__ABOUT THIS EXERCISE__: For this task, output exactly the lines of the material below starting at the line with "無料予想 | 46,800円 |" and ending at the line with "Maluszki świętowały Dzień"; pictures are to be excluded.
START DATASET RECORDS
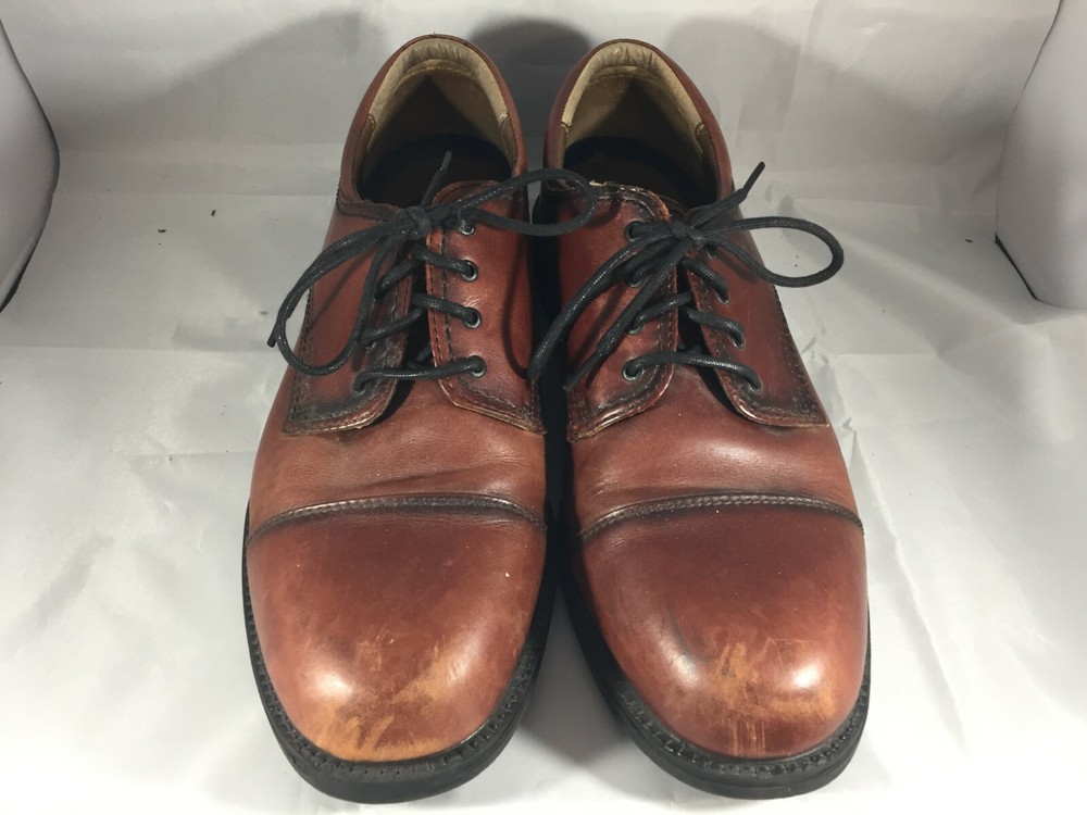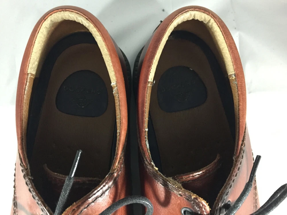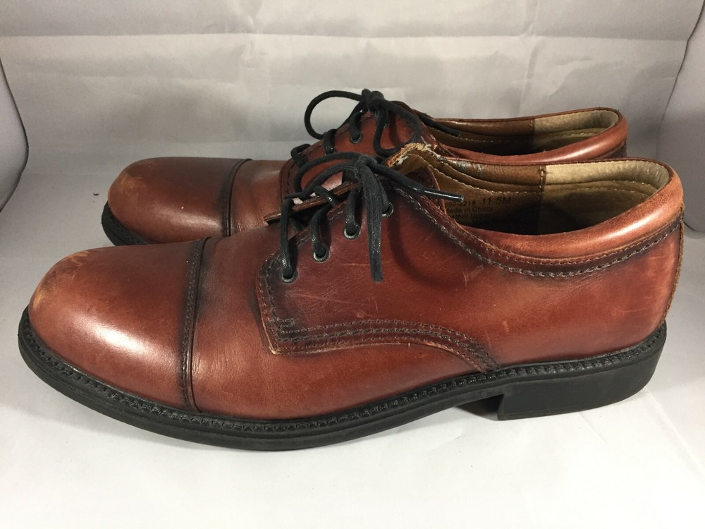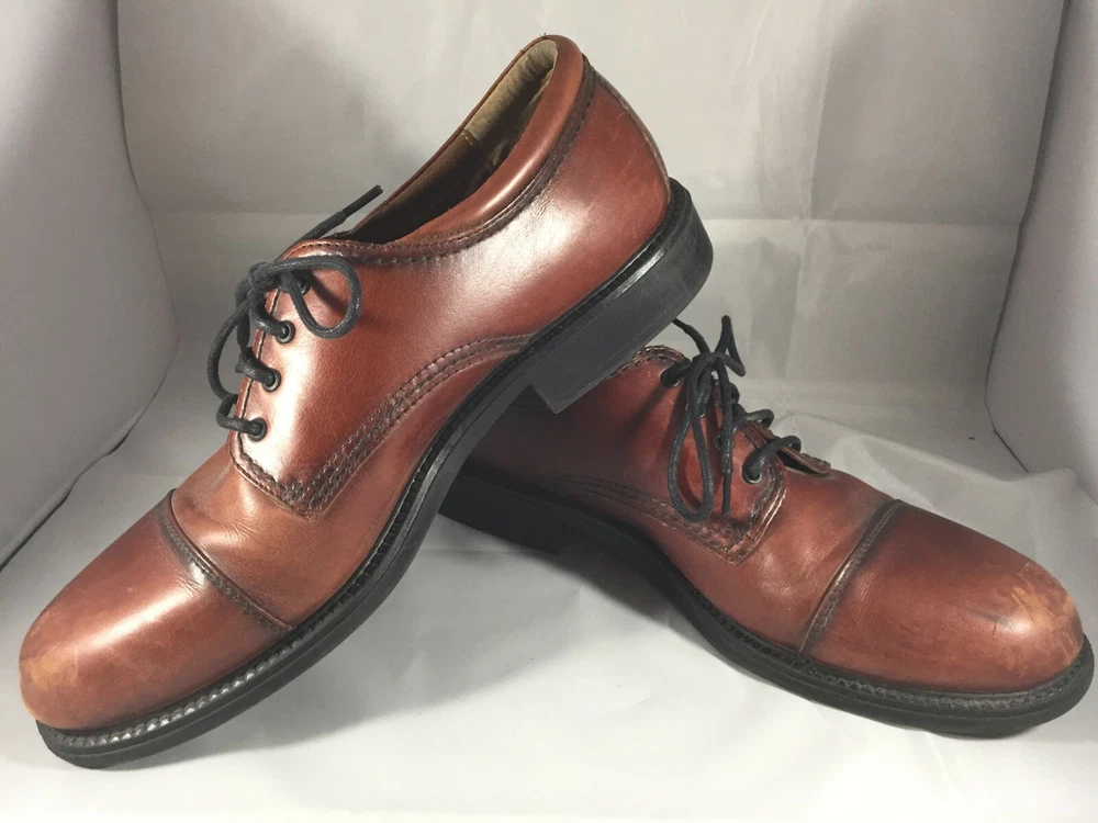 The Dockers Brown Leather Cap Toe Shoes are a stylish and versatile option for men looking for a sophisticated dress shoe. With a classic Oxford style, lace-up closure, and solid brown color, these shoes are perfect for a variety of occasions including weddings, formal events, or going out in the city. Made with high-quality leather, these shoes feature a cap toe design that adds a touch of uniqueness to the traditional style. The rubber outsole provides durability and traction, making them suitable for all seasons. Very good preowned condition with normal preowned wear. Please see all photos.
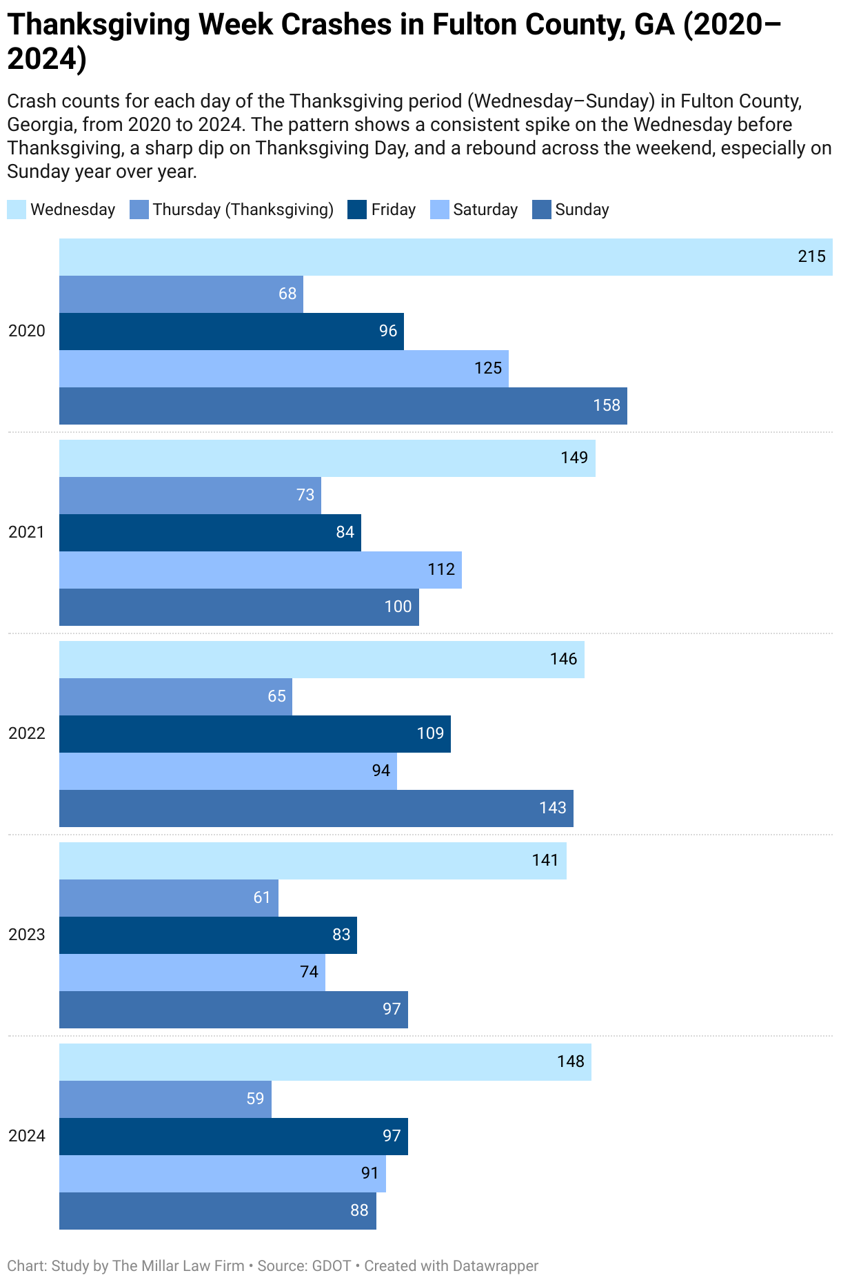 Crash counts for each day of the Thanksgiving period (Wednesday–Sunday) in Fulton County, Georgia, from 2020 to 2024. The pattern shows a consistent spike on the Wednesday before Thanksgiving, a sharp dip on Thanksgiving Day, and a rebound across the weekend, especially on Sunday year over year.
END DATASET RECORDS
START DATASET RECORDS
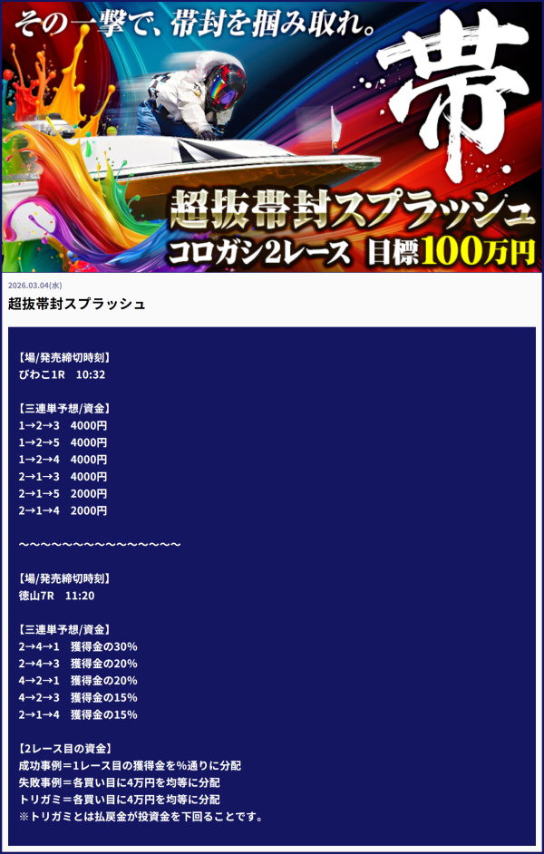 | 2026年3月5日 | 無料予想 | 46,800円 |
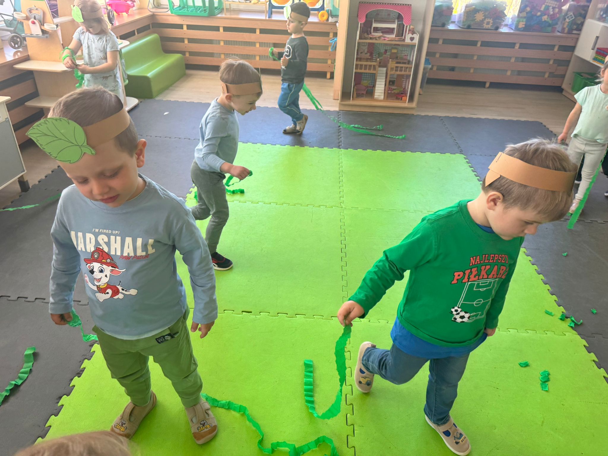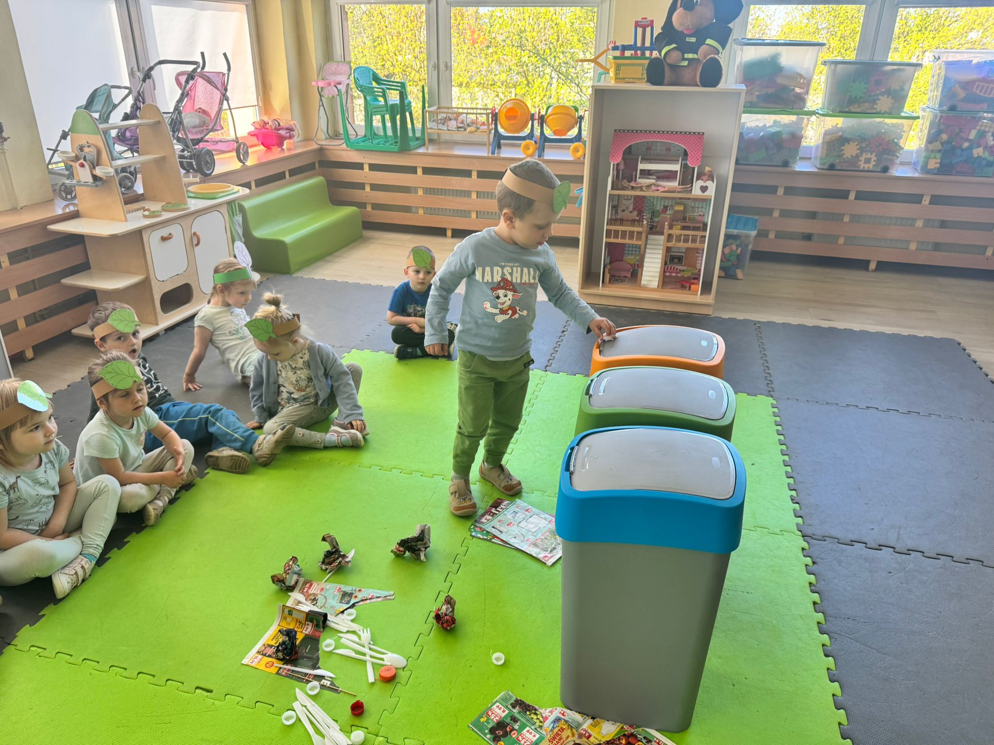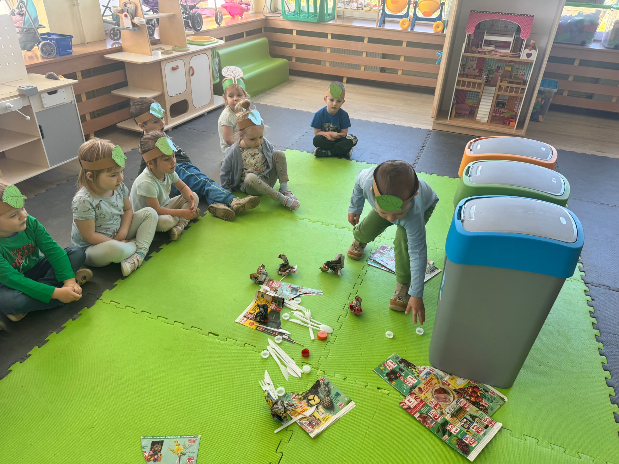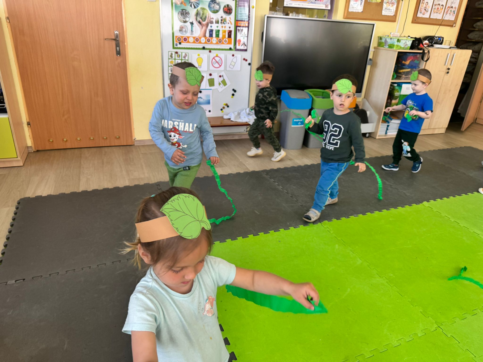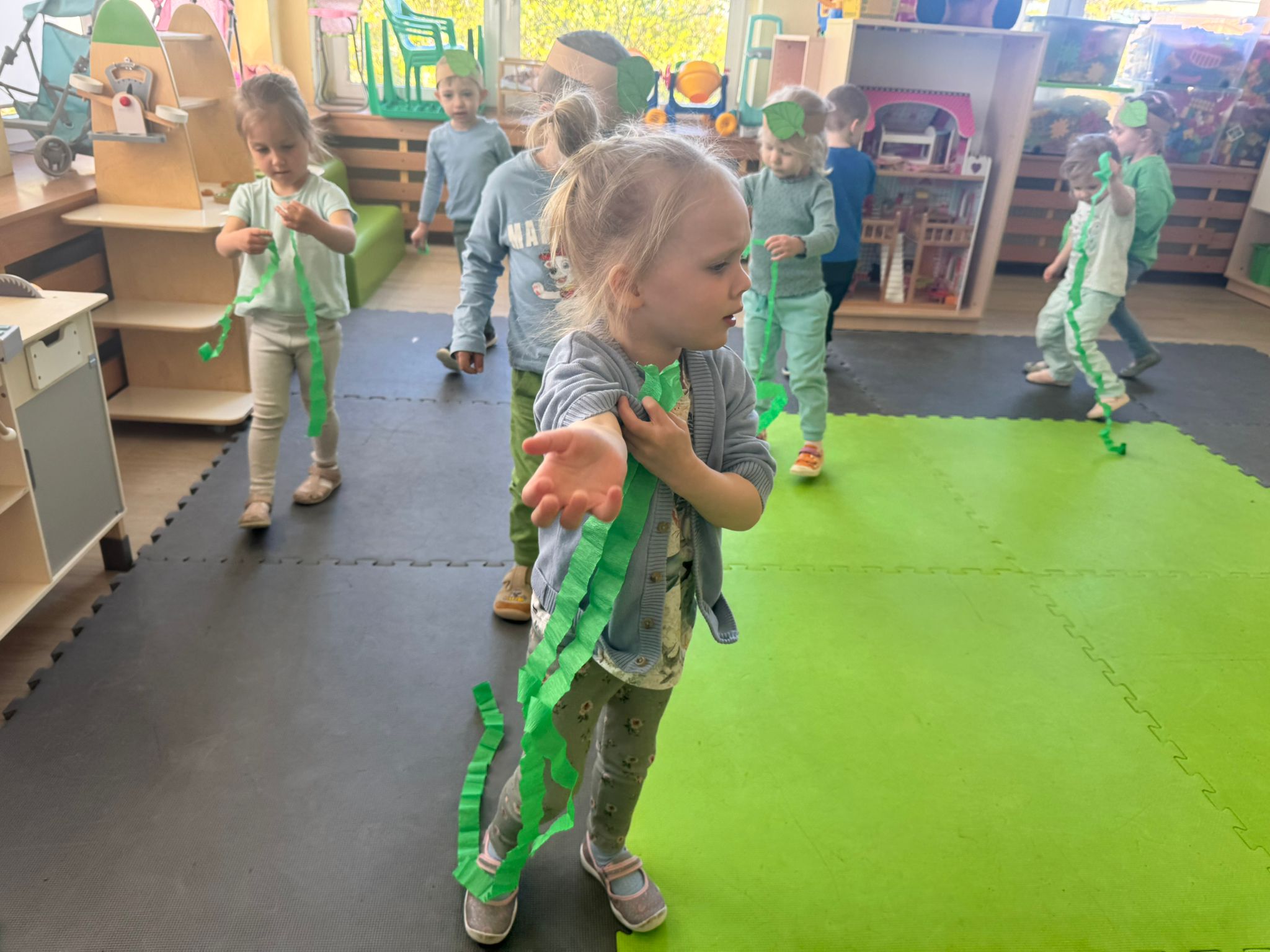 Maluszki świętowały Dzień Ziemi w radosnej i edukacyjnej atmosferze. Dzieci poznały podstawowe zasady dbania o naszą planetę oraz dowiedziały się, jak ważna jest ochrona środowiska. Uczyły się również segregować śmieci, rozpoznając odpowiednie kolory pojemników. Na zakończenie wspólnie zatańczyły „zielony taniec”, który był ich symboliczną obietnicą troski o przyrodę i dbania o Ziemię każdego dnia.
END DATASET RECORDS
__EXPECTED OUTPUT__:
 | 2026年3月5日 | 無料予想 | 46,800円 |
 Maluszki świętowały Dzień Ziemi w radosnej i edukacyjnej atmosferze. Dzieci poznały podstawowe zasady dbania o naszą planetę oraz dowiedziały się, jak ważna jest ochrona środowiska. Uczyły się również segregować śmieci, rozpoznając odpowiednie kolory pojemników. Na zakończenie wspólnie zatańczyły „zielony taniec”, który był ich symboliczną obietnicą troski o przyrodę i dbania o Ziemię każdego dnia.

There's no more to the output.